All of the data should be restated word for word, with the pictures omitted.

DATASET EXCERPT:

▼

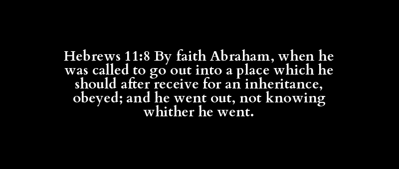 Hebrews 11:8 By faith Abraham, when he was called to go out into a place which he should after receive for an inheritance, obeyed; and he went out, not knowing whither he went.
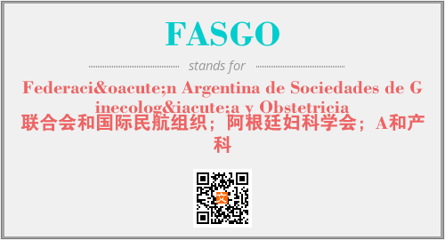 上述内容是“Federación Argentina de Sociedades de Ginecología y Obstetricia”作为“FASGO”的缩写,解释为“联合会和国际民航组织;阿根廷妇科学会;A和产科”时的信息,以及英文缩略词FASGO所代表的英文单词,其对应的中文拼音、详细解释以及在英文中的流行度和相关分类、应用领域及应用示例等。
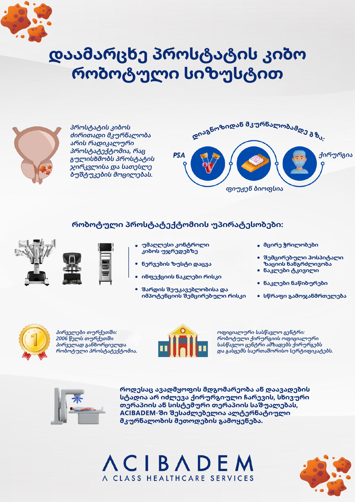 შესაბამისად, რობოტული ქირურგია წარმატებით დაინერგა Acıbadem Healthcare Group -ის 6 საავადმყოფოშიც. პროსტატას კიბოს მკურნალობაში რობოტული ქირურგიის გამოყენებაში გამოცდილი ჩვენი უროლოგების წყალობით ჩვენ უზრუნველვყოფთ სიმსივნის სრულად ამოკვეთას, შარდის შეუკავებლობისა და იმპოტენციის რისკის მინიმიზაციით. გარდა ამისა, Acıbadem-ის უნივერსიტეტში ფუნქციონირებს რობოტული ქირურგიის ოფიციალური სასწავლო ცენტრი, რომელიც ამზადებს ქირურგებს და გასცემს გლობალურად აღიარებულ სერტიფიკატს.

▲

SOLUTION TO THIS TASK:
 Hebrews 11:8 By faith Abraham, when he was called to go out into a place which he should after receive for an inheritance, obeyed; and he went out, not knowing whither he went.
 上述内容是“Federación Argentina de Sociedades de Ginecología y Obstetricia”作为“FASGO”的缩写,解释为“联合会和国际民航组织;阿根廷妇科学会;A和产科”时的信息,以及英文缩略词FASGO所代表的英文单词,其对应的中文拼音、详细解释以及在英文中的流行度和相关分类、应用领域及应用示例等。
 შესაბამისად, რობოტული ქირურგია წარმატებით დაინერგა Acıbadem Healthcare Group -ის 6 საავადმყოფოშიც. პროსტატას კიბოს მკურნალობაში რობოტული ქირურგიის გამოყენებაში გამოცდილი ჩვენი უროლოგების წყალობით ჩვენ უზრუნველვყოფთ სიმსივნის სრულად ამოკვეთას, შარდის შეუკავებლობისა და იმპოტენციის რისკის მინიმიზაციით. გარდა ამისა, Acıbadem-ის უნივერსიტეტში ფუნქციონირებს რობოტული ქირურგიის ოფიციალური სასწავლო ცენტრი, რომელიც ამზადებს ქირურგებს და გასცემს გლობალურად აღიარებულ სერტიფიკატს.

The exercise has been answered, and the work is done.